_Exercise data_
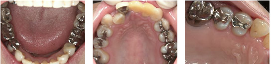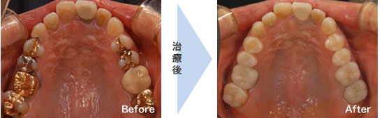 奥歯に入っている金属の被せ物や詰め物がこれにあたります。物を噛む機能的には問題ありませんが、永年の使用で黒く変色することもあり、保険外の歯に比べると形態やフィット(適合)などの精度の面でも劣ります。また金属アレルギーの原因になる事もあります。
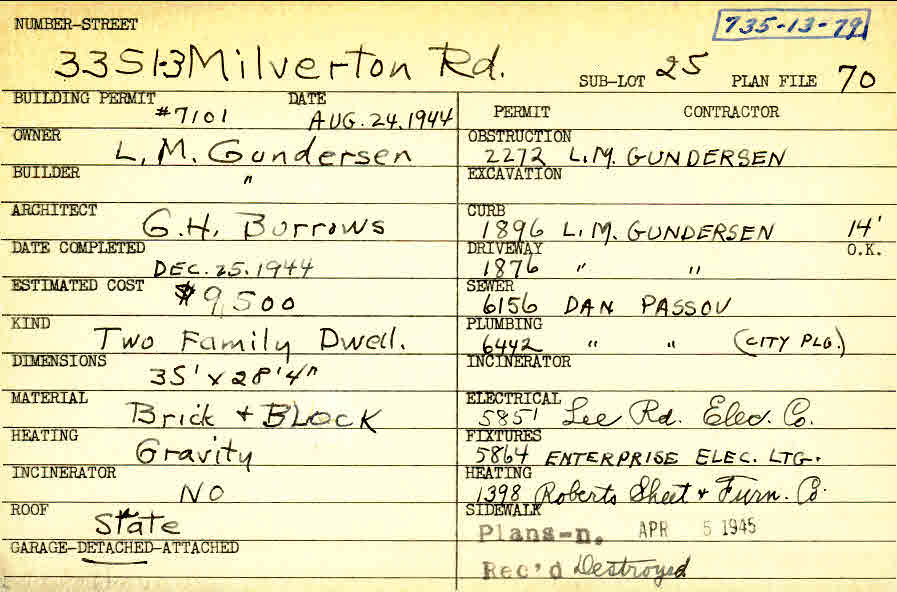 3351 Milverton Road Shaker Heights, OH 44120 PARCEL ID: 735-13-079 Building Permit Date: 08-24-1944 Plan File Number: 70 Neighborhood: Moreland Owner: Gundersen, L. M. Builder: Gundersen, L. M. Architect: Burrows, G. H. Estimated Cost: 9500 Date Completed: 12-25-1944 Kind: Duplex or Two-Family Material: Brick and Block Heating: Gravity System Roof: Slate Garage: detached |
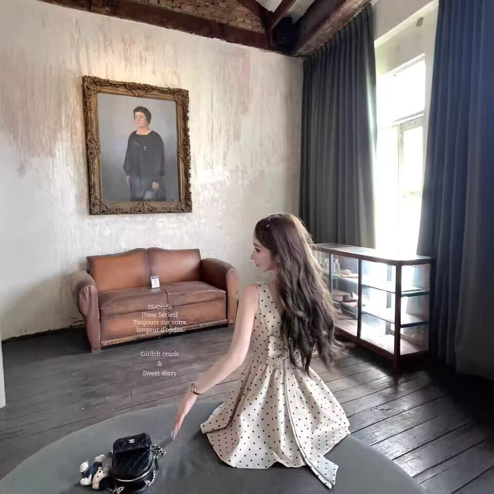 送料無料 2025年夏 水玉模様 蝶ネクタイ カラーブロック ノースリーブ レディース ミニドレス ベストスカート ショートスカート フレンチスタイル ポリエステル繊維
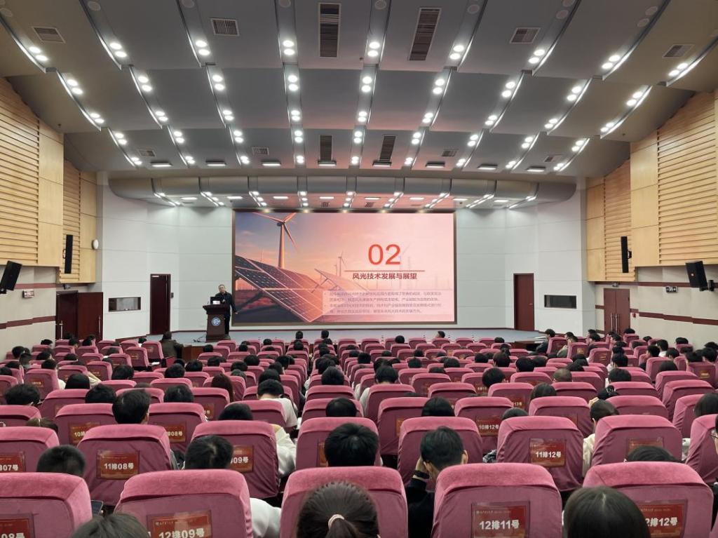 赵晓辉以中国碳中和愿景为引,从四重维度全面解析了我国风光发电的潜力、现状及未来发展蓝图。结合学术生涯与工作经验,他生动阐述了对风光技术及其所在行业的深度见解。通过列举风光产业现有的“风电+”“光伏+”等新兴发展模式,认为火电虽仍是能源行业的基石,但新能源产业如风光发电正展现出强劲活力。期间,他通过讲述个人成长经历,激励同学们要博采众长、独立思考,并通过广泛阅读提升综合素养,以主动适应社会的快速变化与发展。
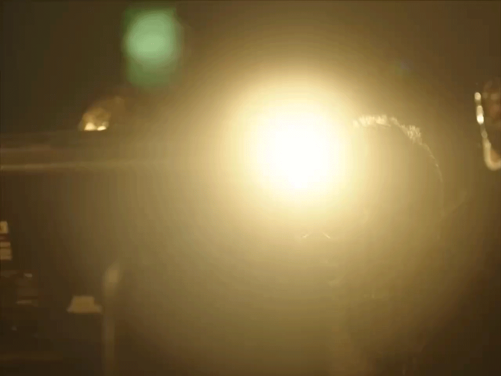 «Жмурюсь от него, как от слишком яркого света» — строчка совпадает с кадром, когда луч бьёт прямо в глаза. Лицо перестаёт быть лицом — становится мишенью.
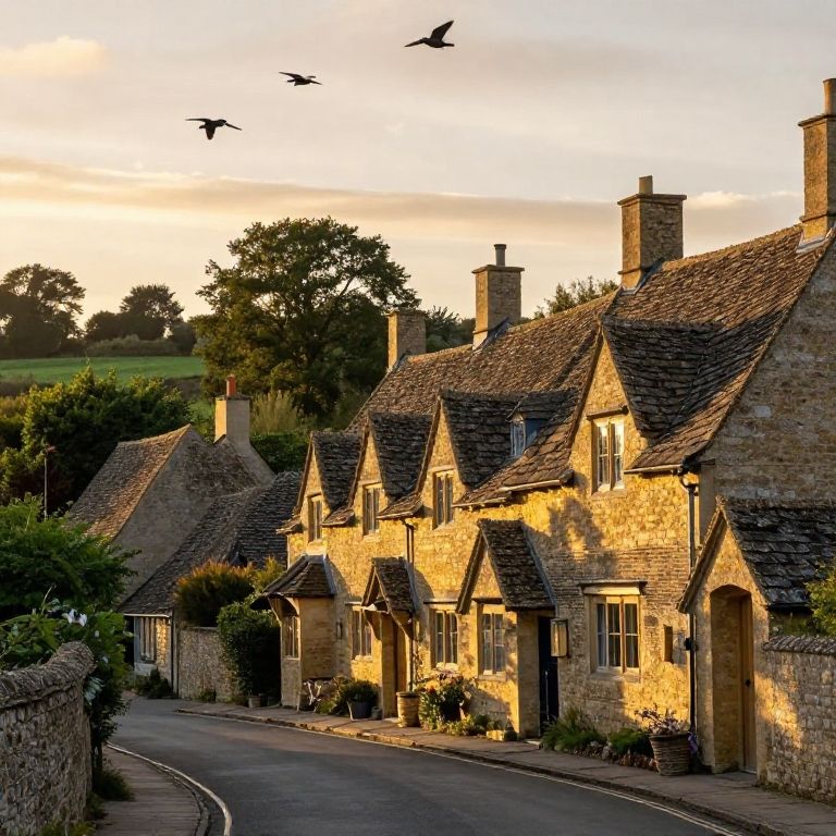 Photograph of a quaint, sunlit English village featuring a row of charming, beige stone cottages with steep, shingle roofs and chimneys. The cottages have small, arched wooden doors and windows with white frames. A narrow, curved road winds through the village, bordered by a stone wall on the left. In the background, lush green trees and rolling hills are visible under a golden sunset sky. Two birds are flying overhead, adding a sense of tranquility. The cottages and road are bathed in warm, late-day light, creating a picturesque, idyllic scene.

_Task prompt_
Each line from the start of the entries above through the line with "送料無料 2025年夏 水玉模様" should be duplicated exactly, leaving out the pictures.

_Your solution_
 奥歯に入っている金属の被せ物や詰め物がこれにあたります。物を噛む機能的には問題ありませんが、永年の使用で黒く変色することもあり、保険外の歯に比べると形態やフィット(適合)などの精度の面でも劣ります。また金属アレルギーの原因になる事もあります。
 3351 Milverton Road Shaker Heights, OH 44120 PARCEL ID: 735-13-079 Building Permit Date: 08-24-1944 Plan File Number: 70 Neighborhood: Moreland Owner: Gundersen, L. M. Builder: Gundersen, L. M. Architect: Burrows, G. H. Estimated Cost: 9500 Date Completed: 12-25-1944 Kind: Duplex or Two-Family Material: Brick and Block Heating: Gravity System Roof: Slate Garage: detached |
 送料無料 2025年夏 水玉模様 蝶ネクタイ カラーブロック ノースリーブ レディース ミニドレス ベストスカート ショートスカート フレンチスタイル ポリエステル繊維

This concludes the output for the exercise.